Most of us these days carry mobile phones which are many times more powerful than the computer which landed the first people on the moon just over fifty years ago. People of my generation have had to adjust to the rapid development of technology. It is possibly lass dramatic for those of you who are younger. For many of you, it would be almost unthinkable not to have this technology at your finger-tips. Yet, I think, some of you have experienced it as a mixed blessing. You have seen how it can rob you of your privacy and how it can sometimes be used as a tool by bullies who hide behind the keyboard and the screen. I think the message is, if you truly want to be peace-makers, use artificial intelligence wisely and respectfully and don’t allow it to make your decisions for you.

On this question, Pope Francis has the following to say to all who are involved in the world of education:

“Education in the use of forms of artificial intelligence should aim above all at promoting critical thinking. Users of all ages, but especially the young, need to develop a discerning approach to the use of data and content collected on the web or produced by artificial intelligence systems. Schools, universities and scientific societies are challenged to help students and professionals to grasp the social and ethical aspects of the development and uses of technology.”
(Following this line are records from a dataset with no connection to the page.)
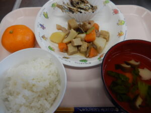 ご飯、筑前煮、田作り、正月風すまし汁、みかんの組み合わせです。
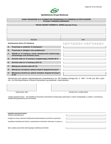 Załącznik 34 do Instrukcji DANE FINANSOWE DLA PODMIOTÓW PROWADZĄCYCH EWIDENCJĘ PRZYCHODÓW RYCZAŁT EWIDENCJONOWANY PEŁNA NAZWA PODMIOTU, ADRES (pieczęć firmy) REGON Analizowany okres (12 miesięcy) A. Przychody w ostatnich 12 miesiącach B. Przychody w ubiegłym roku podatkowym C. Składki za 12 miesięcy z tytułu ubezpieczenia społecznego, zdrowotnego oraz funduszu pracy D. Dochód netto za 12 miesięcy uwzględniający składki (B-C) E. Dochód netto za 12 miesięcy (30% D) F. Miesięczny dochód netto (E÷12) G. Miesięczne obciążenie spłatą kredytów długoterminowych* H. Miesięczny dochód po spłacie kredytów długoterminowych (F-G) NIP / - / Oświadczam pod rygorem odpowiedzialności przewidzianej w art. 297 Kodeksu karnego (Dz. U. 1997 r. Nr 88, poz. 553 z późn. zm.), że informacje podane w Danych finansowych są prawdziwe i nadal aktualne. miejscowość, data pieczęć firmy i podpis klienta *kredyty długoterminowe – rata kapitałowa aktualnego zobowiązania kredytowego spłacanego w ratach zaciągniętego w związku z prowadzoną działalnością gospodarczą (w tym leasing) wypełnia pracownik banku dochody zweryfikowano: przyjęto do oceny zdolności kredytowej średniomiesięczny dochód w wysokości: weryfikacji oświadczenia klienta o uzyskiwanych dochodach dokonano w oparciu o: data i podpis pracownika dokonującego weryfikacji dochodów
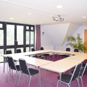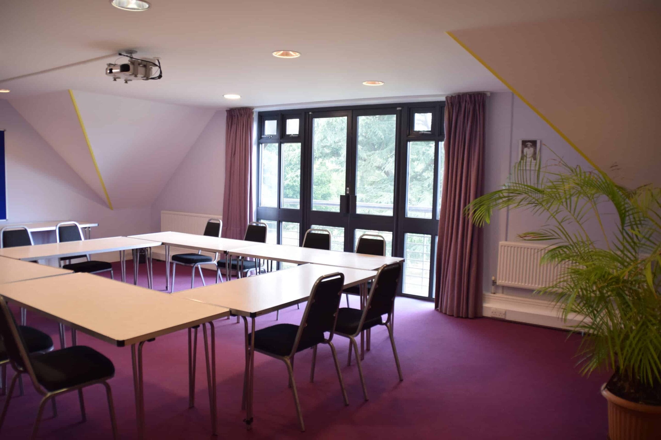 This room is on the first floor, with views over the churchyard and a Juliette balcony. It is carpeting and can be set up in a variety of ways. The de Vitre room accommodates 30 people or so in a well-facilitated carpeted meeting room. This really attractive meeting room is greatly enhanced by the wonderful views from the large windows over the churchyard and its trees.
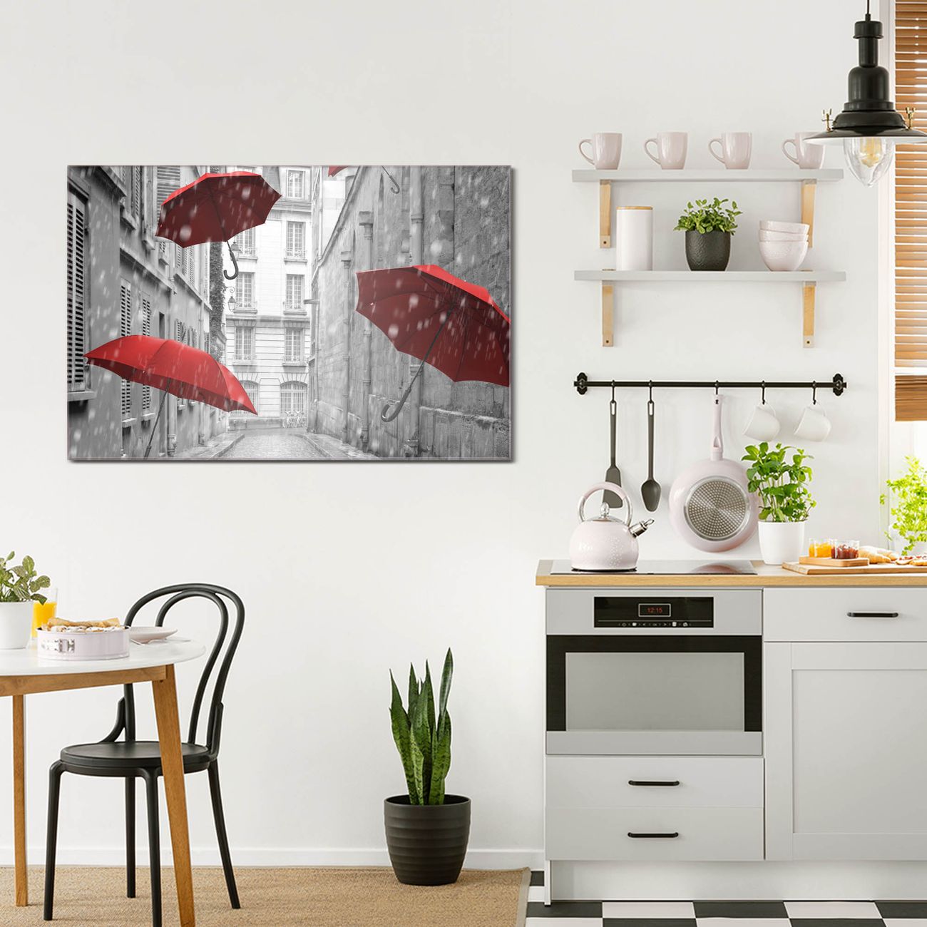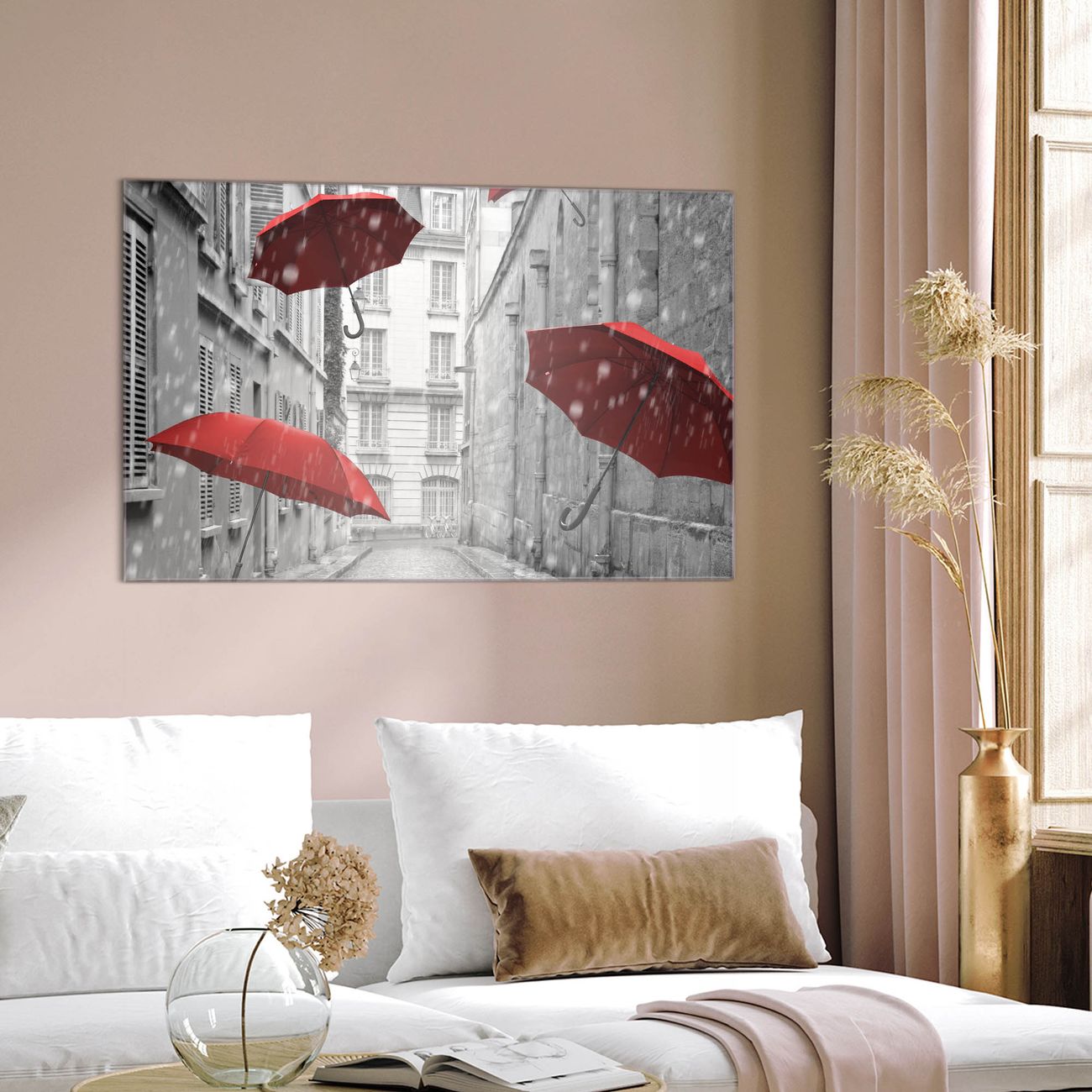 Einzigartiges Wandbild im Querformat Rote Schirme
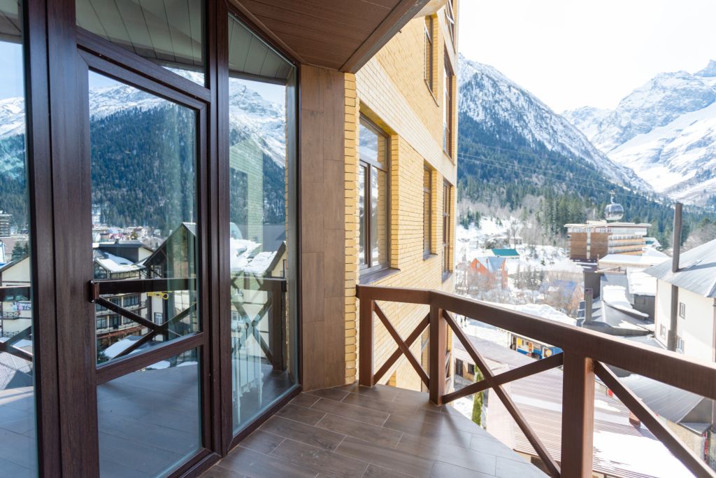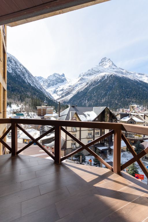 Просторные апартаменты с стильным интерьером и шикарным видом на горы.
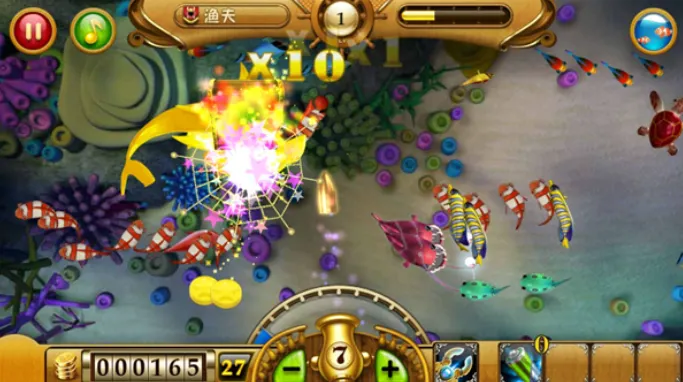 2、成功捕获的鱼儿都会化为滚滚金币,不同鱼群回报的金币数额也不尽相同。
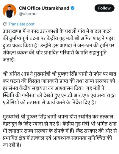 सीएम पुष्कर सिंह धामी ने एक्स पर लिखकर दुख व्यक्त किया "धराली क्षेत्र में बादल फटने से हुए भारी नुकसान का समाचार अत्यंत दुःखद एवं पीड़ादायक है। राहत एवं बचाव कार्यों के लिए SDRF, NDRF, जिला प्रशासन तथा अन्य संबंधित टीमें युद्ध स्तर पर जुटी हुई हैं। वरिष्ठ अधिकारियों से लगातार संपर्क में हूं और स्थिति की गहन निगरानी कर रहा हूं। ईश्वर से सभी के सकुशल होने की प्रार्थना करता हूं।"
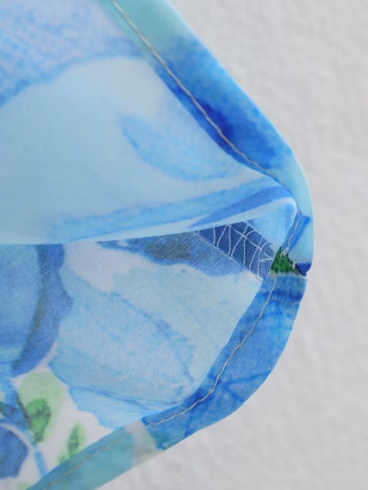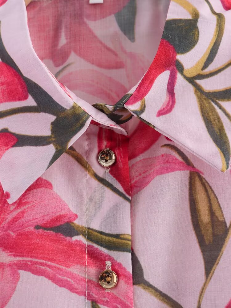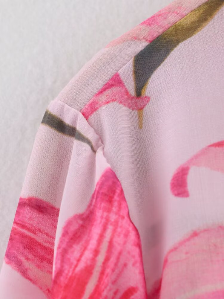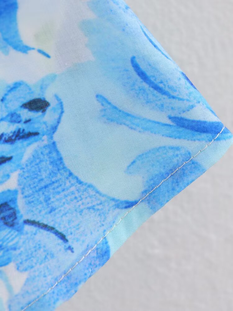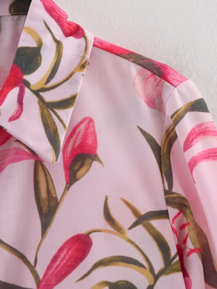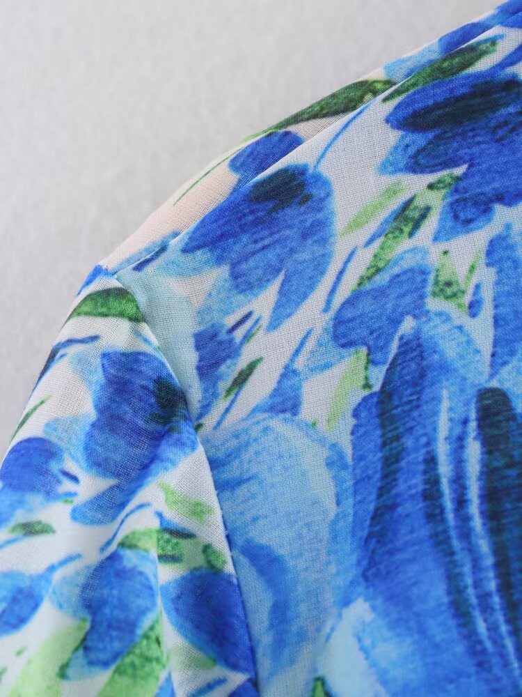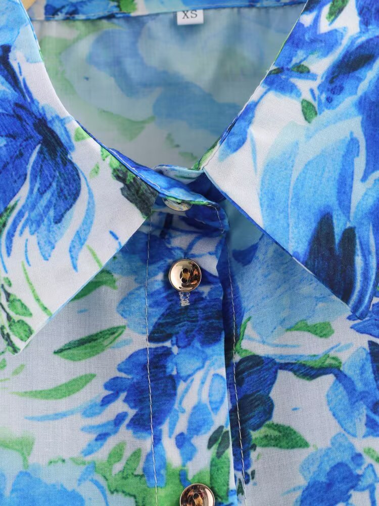 Za Foreign Trade Wholesale European and American Style French Women's Clothing Two-Flower Print Draped Lapel Long-Sleeve Shirt 5029055
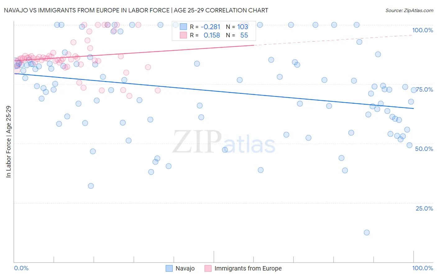 Navajo vs Immigrants from Europe In Labor Force | Age 25-29 Correlation Chart
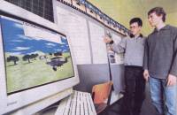 Bei der Beschäftigung mit Animationen kam bei Martin und Manuel bald der Wunsch auf, die Arbeit rationeller zu erledigen. So entstand die Idee einer Wettbewerbsarbeit für "Jugend forscht". Begonnen wurde das Projekt unabhängig von der Schule im darauffolgenden Schuljahr. Das Team bestand aus Martin Trautmann (Spezialgebiet C++-Programmierung), Manuel Moser (Spezialgebiet Raytracing mit POV-Ray) und Jan Theofel, damals bereits Abiturient (Spezialgebiet Netzwerktechnik). |
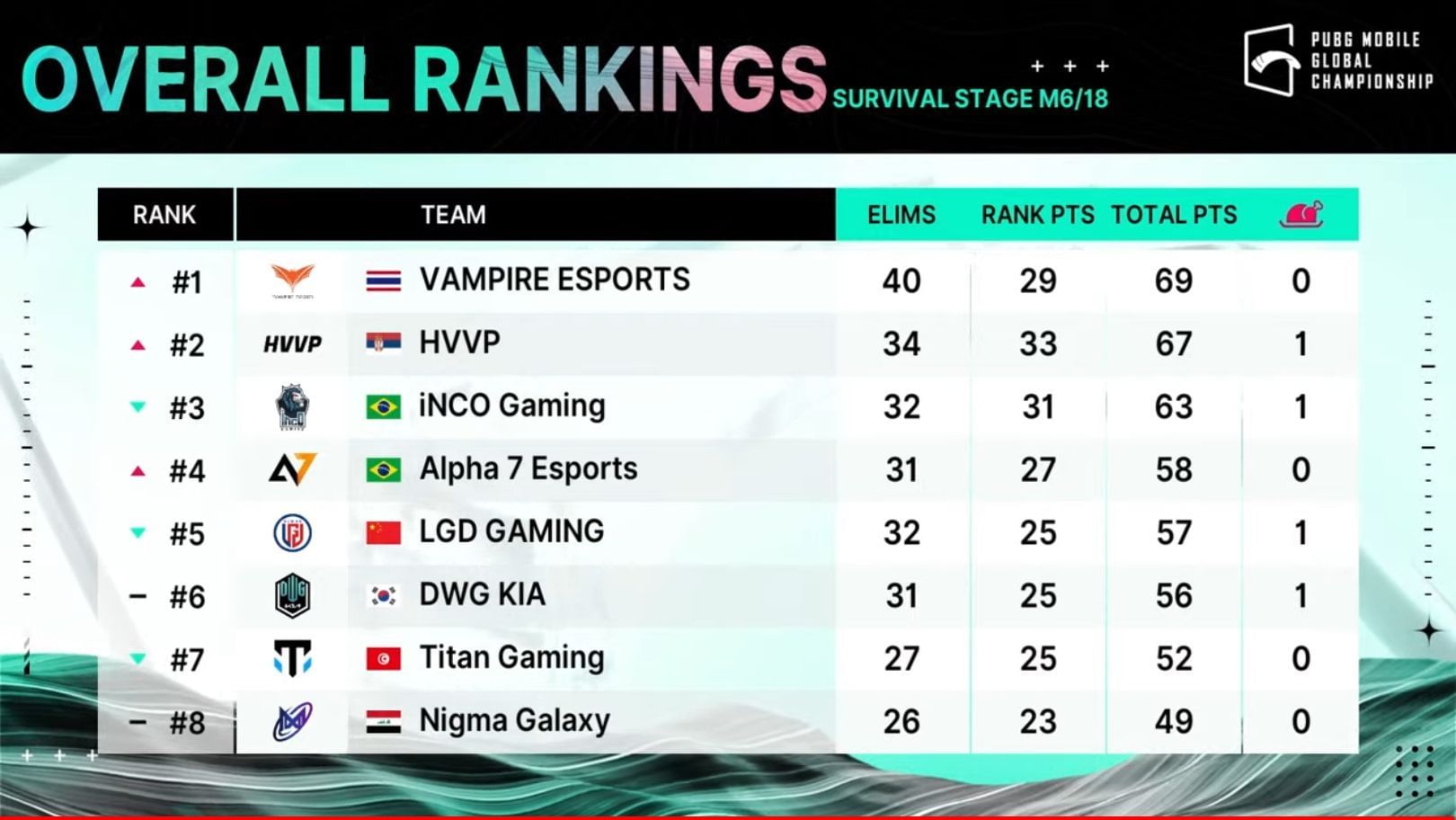 This squad was in top form today, bagging multiple eliminations left, right, and center. Although the side couldn't secure a Chicken Dinner, consistent top-place finishes and 40 eliminations took them to the pole position with 69 points.
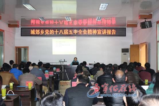 ? ? 12月15日,城郊鄉組織召開學習黨的十八屆五中全會精神宣講報告會,全體鄉干部職工、村書記主任共100余人參加。
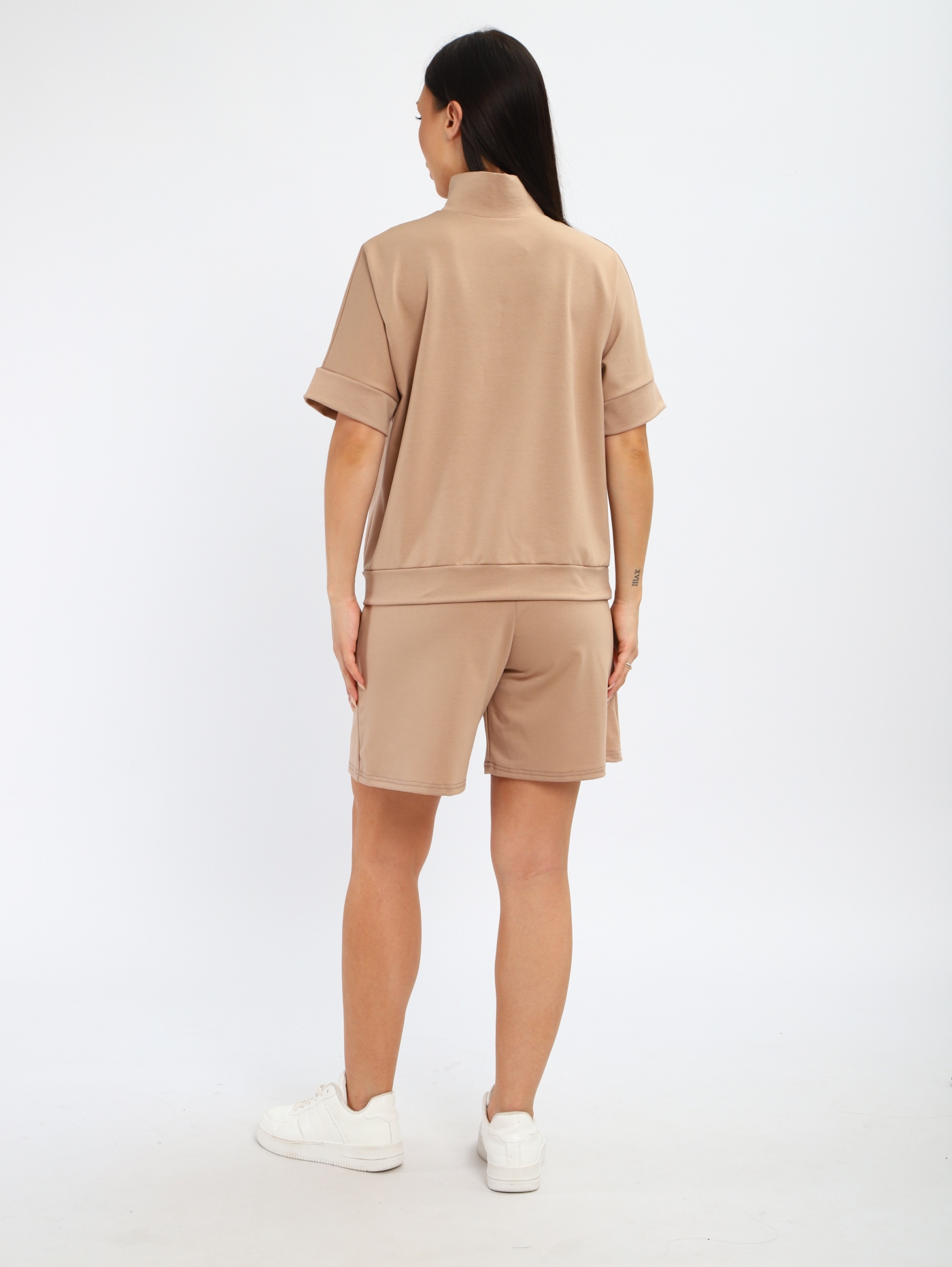 Женский костюм из футера с шортами — это удобный и практичный комплект, который подходит для дома, прогулок, спорта и отдыха. Футер — мягкий, дышащий трикотаж, который хорошо сохраняет форму и обеспечивает комфорт при носке.
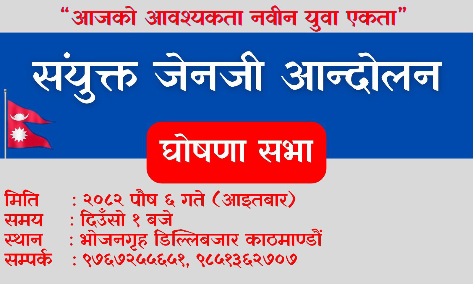 काठमाडौँ । जेन्जी आन्दोलनलाई संस्थागत गर्दै सरकारविरुद्ध संयुक्त संघर्ष अघि बढाउने निर्णयसहित ३० भन्दा बढी जेन्जी समूहहरूको संयुक्त बैठकले संयुक्त जेन्जी आन्दोलनको घोषणा गरेको छ। २०८२ साल पौष ५ गते ललितपुरको झम्सिखेलमा सम्पन्न उक्त बैठकले हालसम्म छरिएर रहेका जेन्जी समूहहरूलाई एउटै छातामुनि ल्याउँदै संयुक्त आन्दोलनलाई औपचारिक रूप दिएको हो।
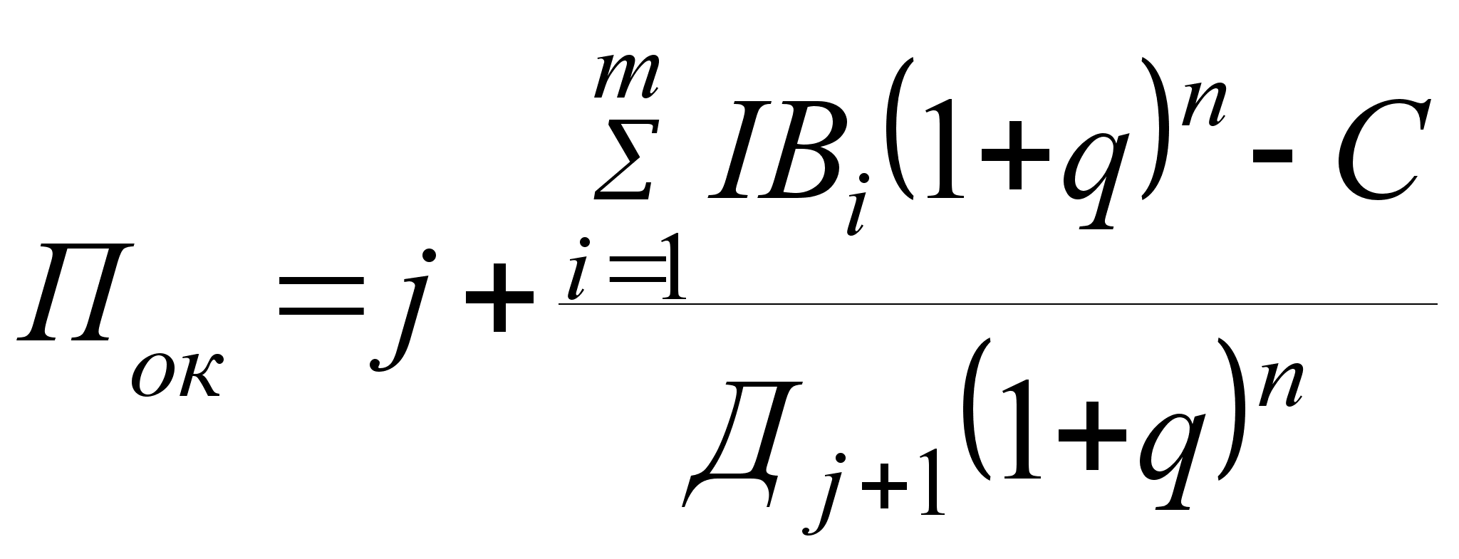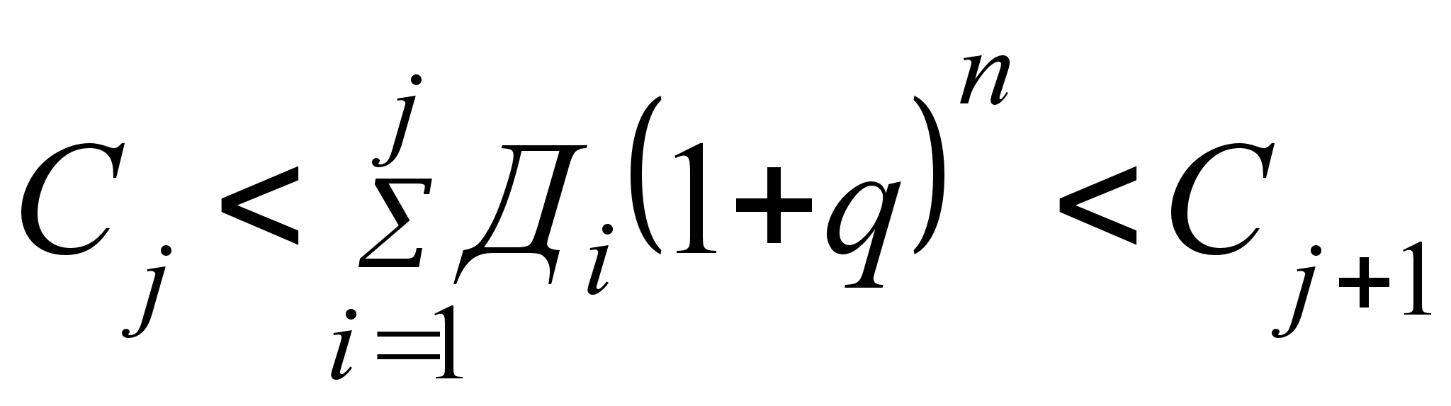 Підсумовуємо послідовні члени ряду доходів Ді, дисконтовані за ставкою q (суму позначимо через Сj), поки не буде знайдено суму, що дорівнює обсягу інвестицій:

It fascinates me how Artificial intelligence allows us to track the flights of aircraft from one side of the world to the other, to know their altitude and speed, and to predict accurately how long it will be before they land. Unfortunately the same kind of technology allows us to identify and to target people hundreds of miles away and to land high explosives within a few metres of them. It does not, however, seem to help us to reflect morally on the implications of our actions. In his Message for today’s World Day of Prayer for Peace, Pope Francis writes:

“The ability to conduct military operations through remote control systems has led to a lessened perception of the devastation caused by those weapon systems and the burden of responsibility for their use, resulting in an even more cold and detached approach to the immense tragedy of war.”

I remember, many years ago, my father having an argument with the bank about some error that had been made in his account. The excuse offered by the Bank was that it was a computer error. He was not convinced. Perhaps computers do make mistakes at times, but it is unreasonable to blame machines for the mistakes and the bad decisions that we make ourselves. When it comes to peace in our families and in our global community, even the best of Artificial Intelligence cannot take the place of rational thought, wise reflection and right judgement.

Mary, Mother of God, Queen of Peace, pray for us.